Certain U.S. Government Employees: An employee, or an honorably retired former employee, of the U.S. government abroad who has served faithfully for at least 15 years, may enter the U.S. as a special immigrant, together with their spouse and children, if the principal officer of a Foreign Service establishment recommends granting such special immigrant status in exceptional circumstances and the Secretary of State approves, finding it in the national interest.

Natives of Western Hemisphere Countries: Until Jan. 1, 1977, natives of Western Hemisphere countries were considered special immigrants. Today, the relevance of this prior law is that a person who is a native of the Western Hemisphere who established a priority date prior to Jan. 1, 1977 as the parent, spouse, or child of a U.S. citizen or lawful permanent resident retains the priority date, for so long as the relationship upon which the exemption is based continues to exist. Moreover, such a person’s children and spouse (if the marriage existed before the person immigrated) are entitled to the same status and priority date. Finally, that priority date may be used for purposes of any preference petition subsequently approved on their behalf. This is a powerful way to avoid immigrant visa waiting lists.

Special Immigrant Juveniles: Children declared dependent on a juvenile court located in the U.S. due to abuse, neglect, or abandonment and either eligible for long-term foster care or under the custody of a state agency or department. A determination must have been made in administrative or judicial proceedings that it would not be in the child’s best interest to be returned to their country of nationality or last residence. BCIS must consent to the dependency order.

Certain Members of the U.S. Armed Forces: Such persons must have enlisted outside the U.S., served after Oct. 15, 1978, served for at least 6 years, and be nationals of the Philippines, Micronesia, or the Marshal Islands.

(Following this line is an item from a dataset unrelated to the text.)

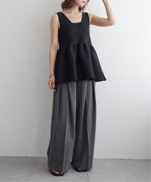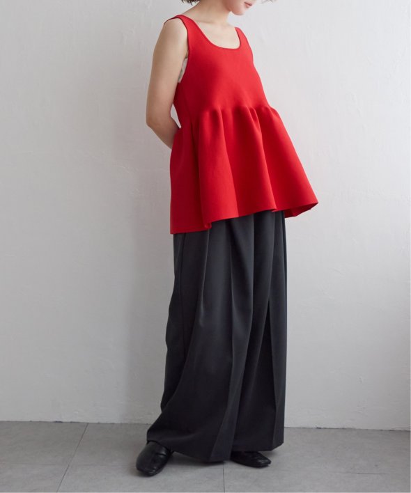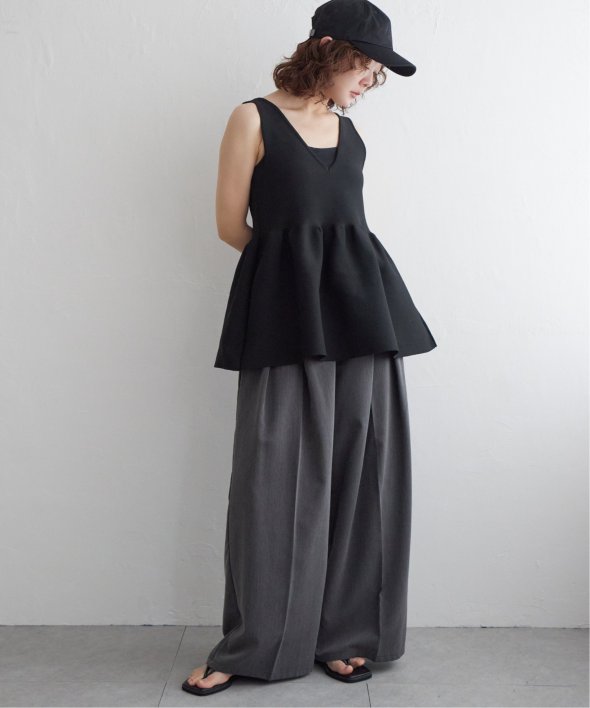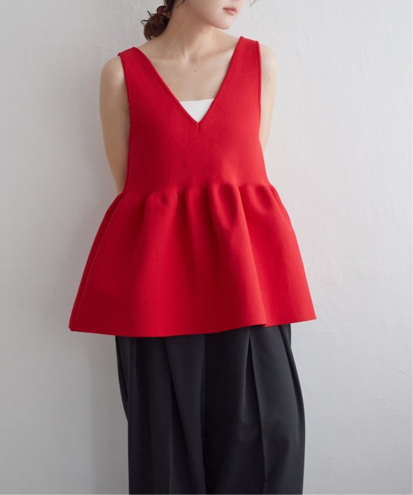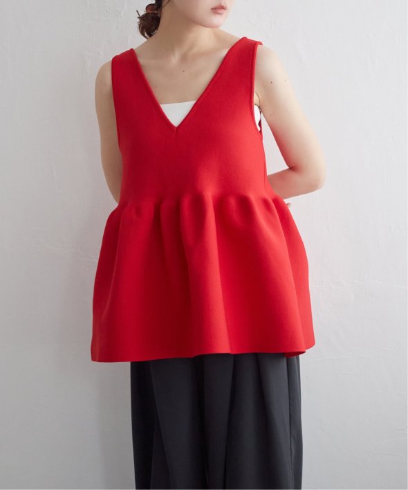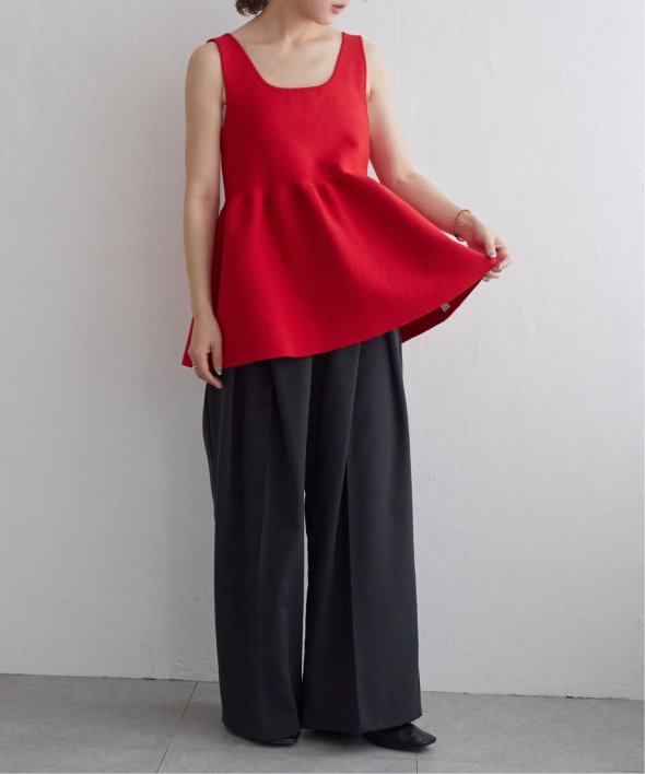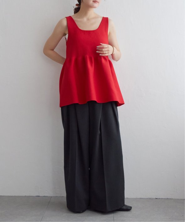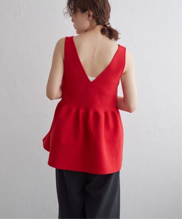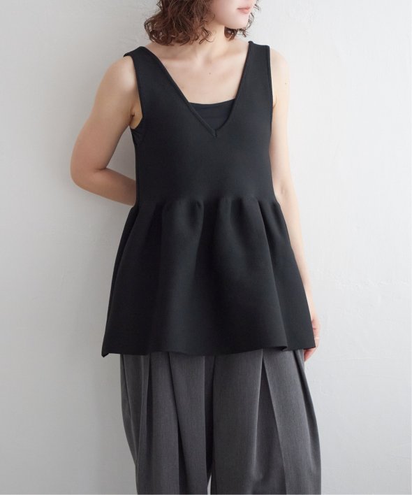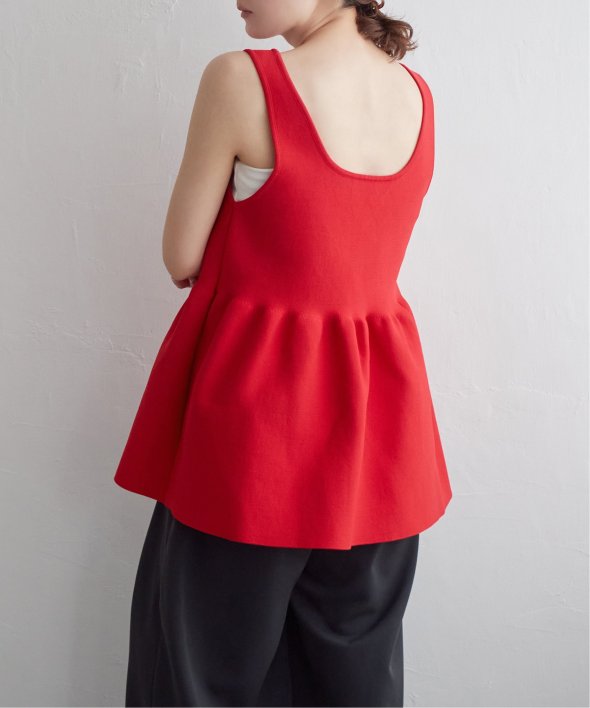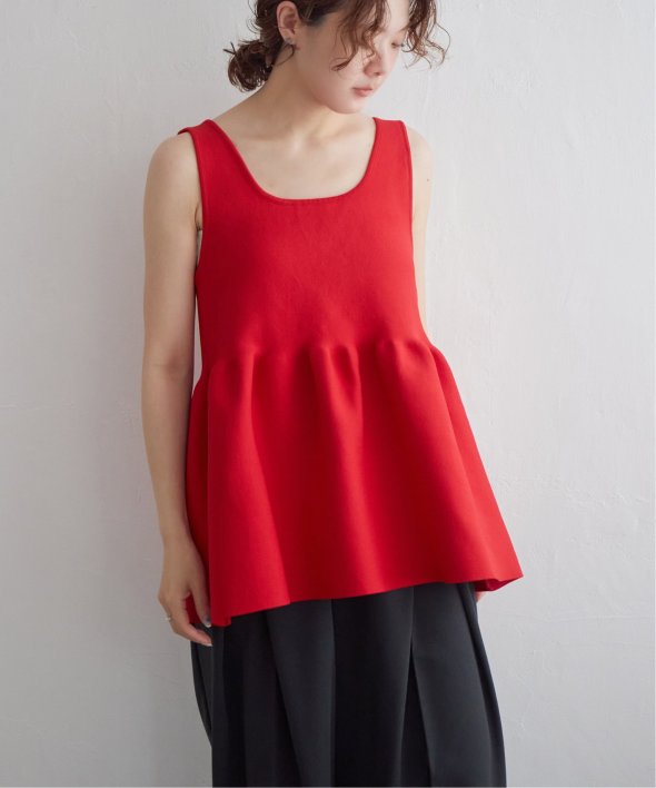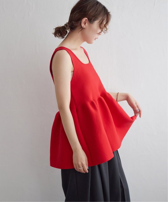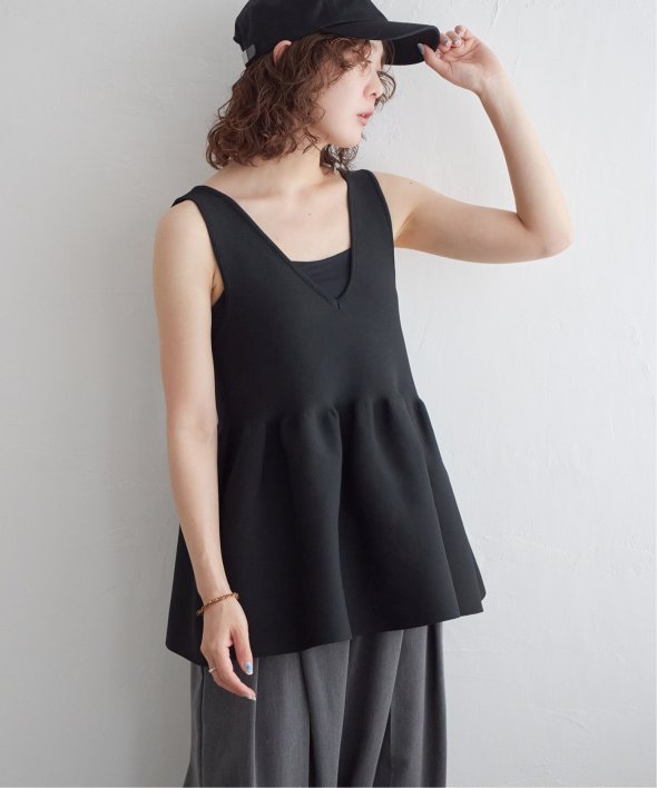 その日の気分に合わせて前後を変えられる、頼れるペプラムタンクトップ。

Victims of the September 11, 2001 Terrorist Attack: An alien is entitled to classification as an ‘‘SP’’ special immigrant if the alien can demonstrate to that he or she is the beneficiary of an immigrant petition petition or K petition or labor certification application, filed on or before Sep. 11, 2001, and the alien shows that the petition or application wasrevoked, terminated or rendered null, either before or after its approval, due directly to the attack of September 11, 2001, that resulted in the death or disability of the petitioner, beneficiary, or applicant; or caused loss of employment due to physical damage to, or destruction of, the business of the petitioner or the applicant.

Certain Current or Retired G-4 (International Organization Representatives) and NATO Nonimmigrants and Family Members

Certain Physicians Licensed to Practice in the U.S. on Jan. 9, 1978

Employment-Based Fifth Preference: Investors

For persons seeking to enter the U.S. to engage in a commercial enterprise that will benefit the U.S. economy and create at least 10 full-time jobs. The jobs must be for U.S. citizens, lawful permanent residents, or others authorized to work in the U.S. (other than the immigrant and their immediate family). The applicant must have invested or be in the process of investing $1 million or, if the investment is made in a “targeted area,” $500,000. In either case, before the second anniversary of obtaining lawful permanent resident status, the applicant must establish that they have substantially maintained the investment.